Bug 1368422

Summary:	Post-copy migration fails with XBZRLE compression
Product:	Red Hat Enterprise Linux 7	Reporter:	Milan Zamazal <mzamazal>
Component:	qemu-kvm-rhev	Assignee:	Dr. David Alan Gilbert <dgilbert>
Status:	CLOSED ERRATA	QA Contact:	xianwang <xianwang>
Severity:	unspecified	Docs Contact:
Priority:	high
Version:	7.3	CC:	chayang, dgilbert, hhuang, jherrman, juzhang, michal.skrivanek, mrezanin, mtessun, mzamazal, qizhu, qzhang, virt-maint, xianwang
Target Milestone:	rc	Keywords:	ZStream
Target Release:	7.4
Hardware:	Unspecified
OS:	Unspecified
Whiteboard:
Fixed In Version:	qemu-kvm-rhev-2.8.0-1	Doc Type:	Bug Fix
Doc Text:	Using post-copy migration with XOR-based zero run-lenth enconding (XBZRLE) compression previously caused the migration to fail and the guest to stay in a paused state. This update disables XBZRLE page compression for post-copy migration, and thus avoids the described problem.	Story Points:	---
Clone Of:
Clones:	1395360 (view as bug list)		Environment:
Last Closed:	2017-08-01 23:34:44 UTC	Type:	Bug
Regression:	---	Mount Type:	---
Documentation:	---	CRM:
Verified Versions:		Category:	---
oVirt Team:	---	RHEL 7.3 requirements from Atomic Host:
Cloudforms Team:	---	Target Upstream Version:
Embargoed:
Bug Depends On:
Bug Blocks:	1395265, 1395360, 1401400

Description Milan Zamazal 2016-08-19 10:49:44 UTC

Description of problem:

When I migrate a VM with XBZRLE compression enabled and I switch the migration to post-copy mode after several unsuccessful iterations of the migration, the migration fails and the VM remains in a paused state.

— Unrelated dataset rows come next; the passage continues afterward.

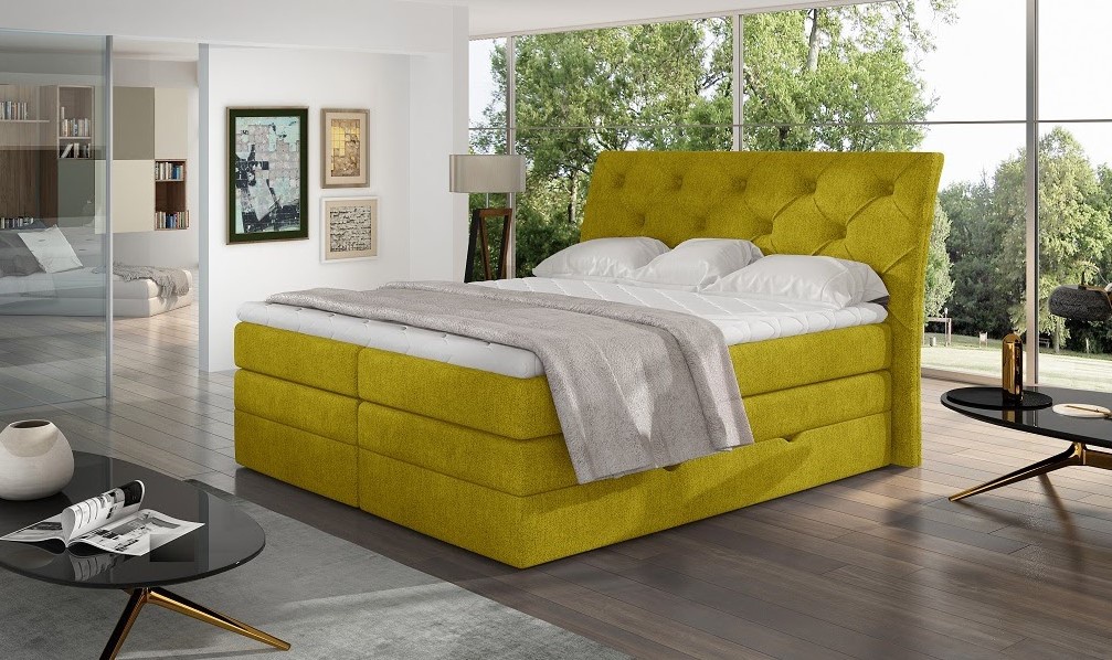 Postel Boxspring má moderní design, který zajišťuje velké pohodlí a dobrý noční spánek. Model Mirabel je postel s vestavěnou bonnelovou matrací s vlastnostmi tlumícími nárazy v dezénu Omega 68 (žlutá). Dále na ni byla umístěna kapesní matrace a topper z pěny T3030, což eliminuje nepříjemnou mezeru ve středu postele a vytváří měkký, hladký povrch na spaní. Toto řešení zajišťuje vynikající propustnost vzduchu a vysokou hygienu. Postel je 60 cm nad zemí, takže je vstávání pohodlné a bez námahy. Prošívaná čelní deska je dekorativní prvek, protože vypadá velmi stylově, ale zároveň slouží jako prostorné opěradlo. Díky dvojité nádobě na ložní prádlo se stává mimořádně praktickou a místo materiálových úchytů pro zvedání nádoby se používají prohlubně pro ruce, navíc je při zvedání podepřena plynovým zvedákem. Postel je k dispozici ve třech velikostech. Spací plocha 140 x 200 cm. Zboží dodáváme v demontu.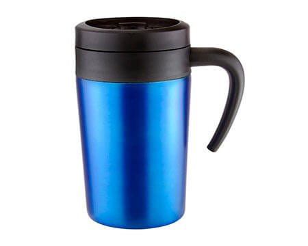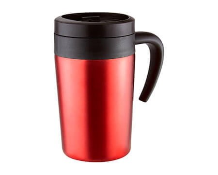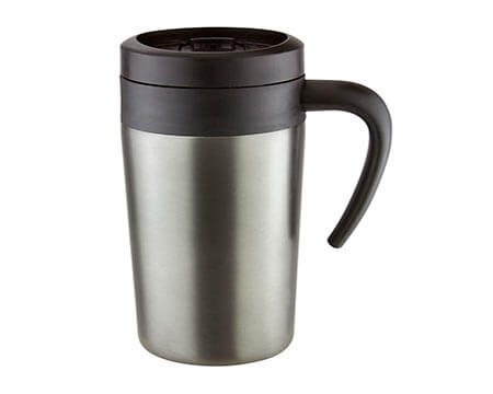 Doble pared. Pared interna plástico, pared externa acero inoxidable. Tapa de plástico con válvula de seguridad. Incluye caja individual. Medidas: 6.5 x 16 cm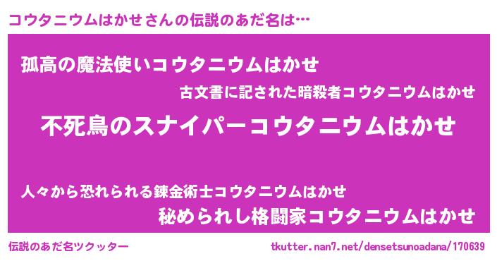 | 男性向けラノベタイトル風あだ名 | 『コウタニウムはかせに滅ぼされるだけの簡単なお仕事です』 |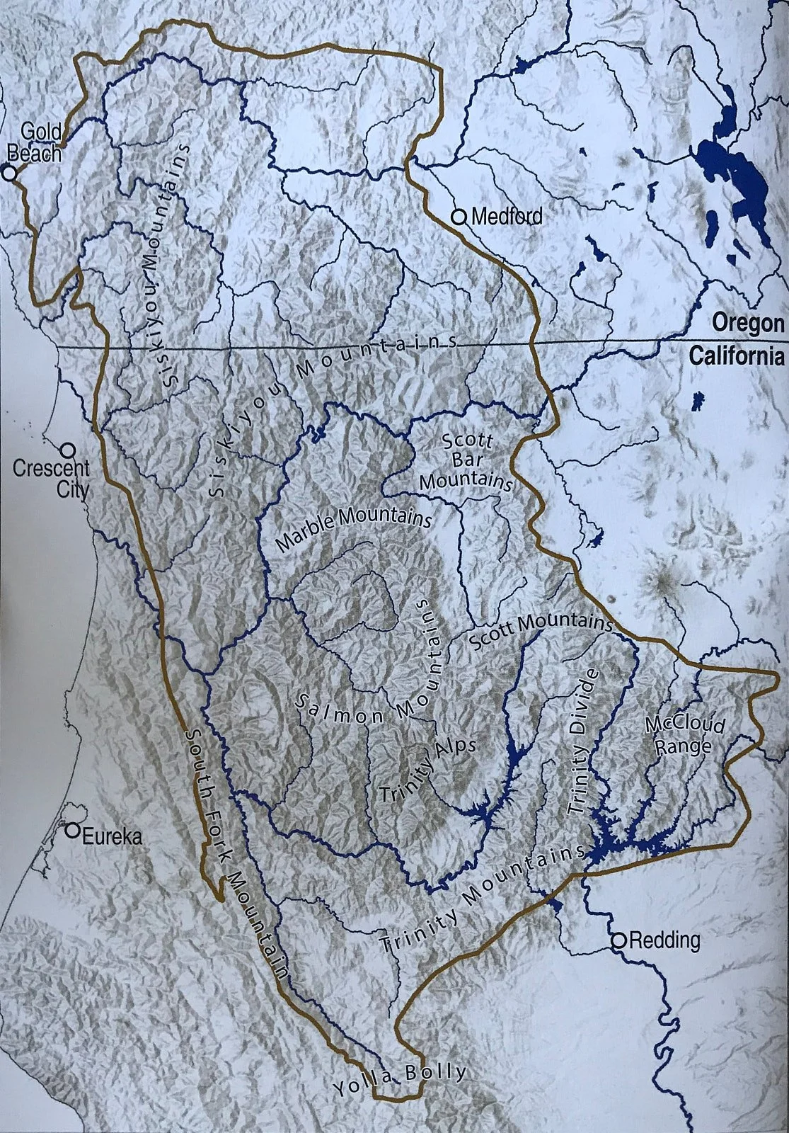 Adapted from: The Klamath Mountains, a Natural History. Eds: M. Kauffmann, J. Garwood. 2022, Backcountry Press, Kneeland, CA.
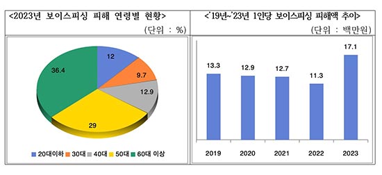 ○ 금융감독원 2023년 보이스피싱 피해현황 분석에 따르면, 2023년 보이스피싱 피해액 1,931억 원 중 60대 이상 704억 원(36.4%), 50대 560억 원(29%), 40대 249억 원(12.9%), 20대 이하 231억 원(12%), 30대 188억 원(9.7%) 순으로 50대 이상이 65.4%를 차지했으며, 1인당 피해액도 1,710만 원으로 전년 1,130만 원과 비교하면 51% 증가한 것으로 나타났다.

Version-Release number of selected component (if applicable):

2.6.0-20.el7.x86_64

How reproducible:

Most of the time.

Steps to Reproduce:

1. Run a VM:

     virsh create DOMAIN.xml

2. Run a memory intensive application in the VM.

3. Limit migration bandwidth to prevent success of pre-copy migration, e.g.:

     virsh migrate-setspeed DOMAIN 10

4. Migrate the VM with XBZRLE compression and postcopy enabled:

     virsh migrate DOMAIN qemu+tcp://root@HOST/system --verbose --live --compressed --comp-methods xbzrle --postcopy

5. Wait a couple of iterations, then switch to post-copy from another shell:

     virsh migrate-postcopy DOMAIN

6. The migration fails with an error like this:

     qemu-kvm: Unknown combination of migration flags: 0x40 (postcopy mode)
     qemu-kvm: error while loading state section id 2(ram)
     qemu-kvm: postcopy_ram_listen_thread: loadvm failed: -22

   and the VM gets paused.

Actual results:

The migration fails and the VM gets paused.

Expected results:

The migration succeeds.

Comment 11 xianwang 2017-02-14 03:17:33 UTC

This bug has been verified both for ppc and x86.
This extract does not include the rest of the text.